Hard to Be a God by Arkady & Boris Strugatsky

Hard to Be a GodI’ve read so much more science-fiction these past few years and it’s been a real pleasure to both jump around culturally and in time with the genre. I really need to go back to Asimov now, I think it’s time–I digress.

Arkady’s Russian science-fiction from the 60’s is a culture and technology timepiece. Another Earth (like?), earlier in time, going through its own rise and fall–revolution–ignorance–religion–budding sciences. With these may be meddlesome future Earthlings that have come to observe, but as we know its hard to be an observer if you are in the experiment.

The technology Arkady brings to this dimensional, shuttle, traveled to (?–I’m still not fully clear on how they got here..) but they have a helicopter they exfil people, they want to save. A machine for gold from sawdust–what an alchemist! Pills that revitalize.

It’s kind of comical when compared to some quantum-filled-dreams of the day–which as another digression I wonder how well they will hold up in another 60 years.

It’s an interesting tale. Something like the Musketeers, but not quite, definitely during some renaissance movement. It reminds me of an early Culture novel on some backwater world with people trying to watch and do-no-harm but inevitably has to get involved or lost themselves trying.

Born in an era when Stalin & Khruschev struggled, it’s not hard to imagine what was rolling around these future intellectualists.

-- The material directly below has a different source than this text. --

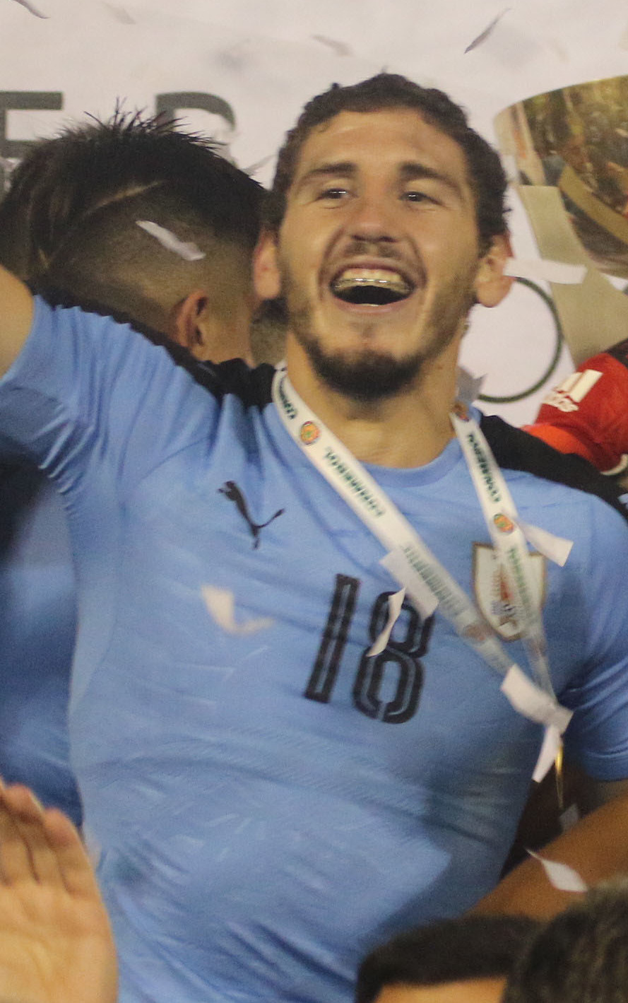 PREMIACIÓN CAMPEONATO SUDAMERICANO SUB 20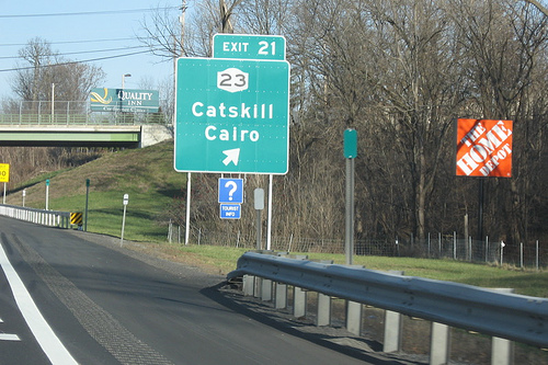 Signage for exit 21 on Interstate 87 (New York State Thruway) northbound.

Arkady-Strugatsky“And no matter how much the gray people in power despise knowledge, they can’t do anything about historical objectivity; they can slow it down, but they can’t stop it. Despising and fearing knowledge, they will nonetheless inevitably decide to promote it in order to survive. Sooner or later they will be forced to allow universities and scientific societies, to create research centers, observatories, and laboratories, and thus to create a cadre of people of thought and knowledge: people who are completely beyond their control, people with a completely different psychology and with completely different needs. And these people cannot exist and certainly cannot function in the former atmosphere of low self-interest, banal preoccupations, dull self-satisfaction, and purely carnal needs. They need a new atmosphere— an atmosphere of comprehensive and inclusive learning, permeated with creative tension; they need writers, artists, composers— and the gray people in power are forced to make this concession too. The obstinate ones will be swept aside by their more cunning opponents in the struggle for power, but those who make this concession are, inevitably and paradoxically, digging their own graves against their will. For fatal to the ignorant egoists and fanatics is the growth of a full range of culture in the people— from research in the natural sciences to the ability to marvel at great music. And then comes the associated process of the broad intellectualization of society: an era in which grayness fights its last battles with a brutality that takes humanity back to the middle ages, loses these battles, and forever disappears as an actual force.” ― Arkady Strugatsky

Pretty light, a bit whimsical, a bit dark, and some drama. Nothing tricky and a quick moment between here and there. Enjoy it and ponder.